Starting at the line with "This one is" and ending at the line with "Portrait of a", print exactly the lines of the entries below. Pictures do not belong in the copy.

Items from a data source:

::::::

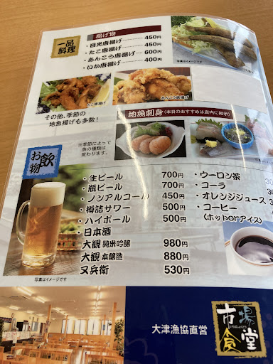 Read more直営市場食堂の名を見て、そこで新鮮で美味いものが食えると思って店に入りました。 最近刺身食べて無いな。 多分此処では美味しいものと期待して、刺身定食¥1500を注文しました。 処が、全くの期待外れでした。 全体的に量が少なく、色ボケした赤身。 新鮮さが全くなく美味く感じられませんでした。 一緒に行った連れもビックリでした。以前は違ったよなと。 スーパーで売っているものの方が美味いとさえ感じられました。 新鮮だと思ったのは、刺身の下にあった大根のツマと大葉です。 海無し県で食べたのが、もっと美味しい物が食べられますよ。茨城県 そして 大津漁協直営店が、情け無いです。 それと、オレンジやもずくや漬物など付いていましたが、漁協直営店の刺身定食であるならば、刺身そのもの ドカンともう少し量を増やして、余計なものは付けない。 新鮮さで勝負したらいいでしょう。 わさびは随分の量有りました。今日はやけにわさびがヅンと、鼻と目にしみましたよ。 今日の食事の¥1500は高すぎた。次はもう食べに行きませんね。あの味ではどう見ても、¥700がいい処でしょう。 だから全国知名度ランキング最下位な...
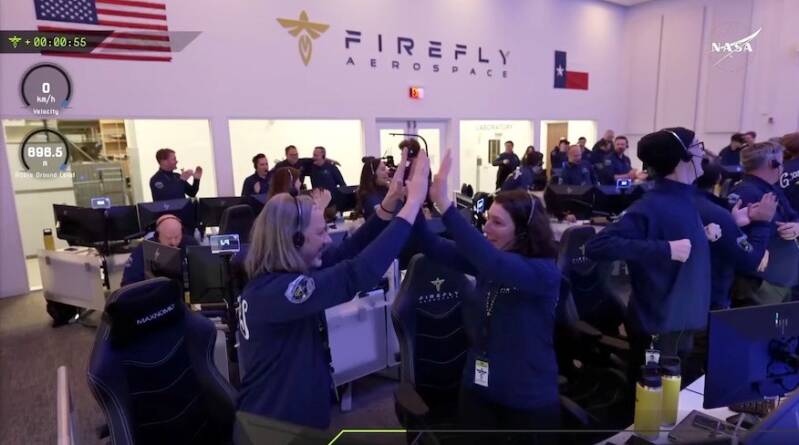Firefly Aerospace’s team in its mission operations center celebrates the successful touchdown of its first Blue Ghost lunar lander on the Moon on Sunday, March 2, 2025. Image: Firefly Aerospace via livestream
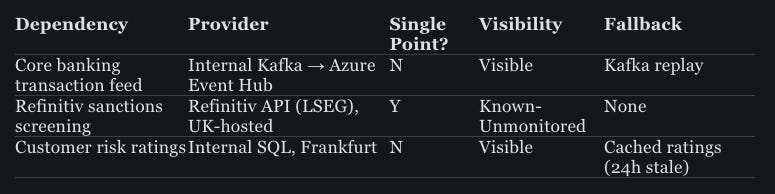 This one is at least detectable; Azure Service Health alerts would fire within minutes. The harder question is what happens next. The legacy rules engine was decommissioned. There’s no documented fallback for what EuroBank does when Sentinel is unavailable.
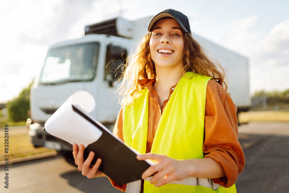 Portrait of a female trucker standing in front of truck and looking at camera.Transportation services. Logistic shipping. #832820190
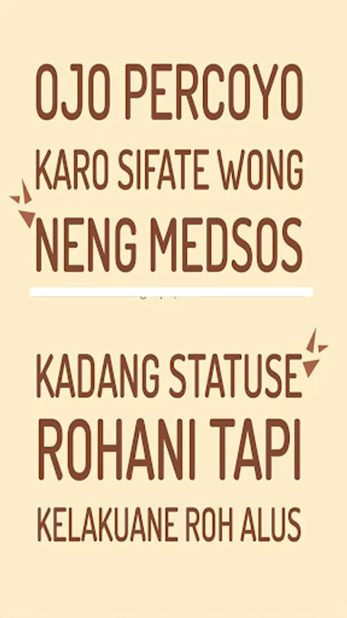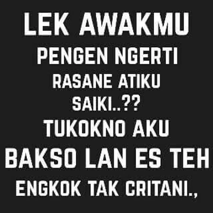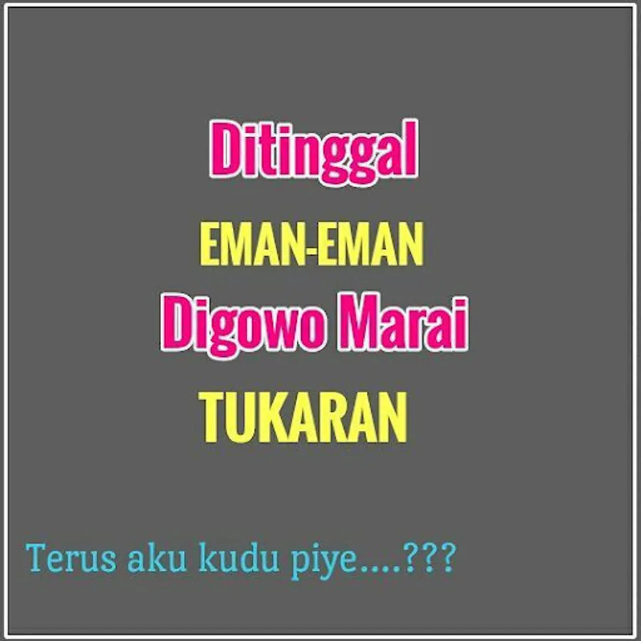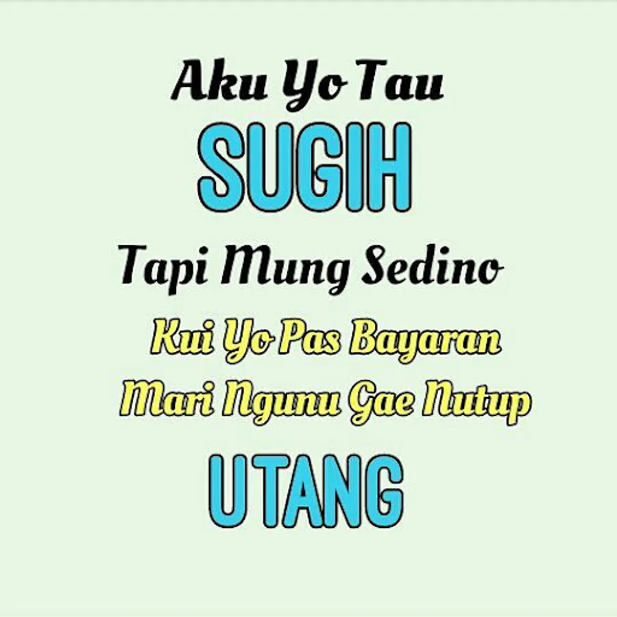 Collection of Funny Javanese Status for you android users. Cool Words for status updates on Facebook, chat applications, and other social media with funny and motivating Javanese language, not only contains entertainment but also a collection of Javanese advice and Javanese noble philosophy that is fiber about the meaning of Javanese life.

::::::

_Task solution:_
 This one is at least detectable; Azure Service Health alerts would fire within minutes. The harder question is what happens next. The legacy rules engine was decommissioned. There’s no documented fallback for what EuroBank does when Sentinel is unavailable.
 Portrait of a female trucker standing in front of truck and looking at camera.Transportation services. Logistic shipping. #832820190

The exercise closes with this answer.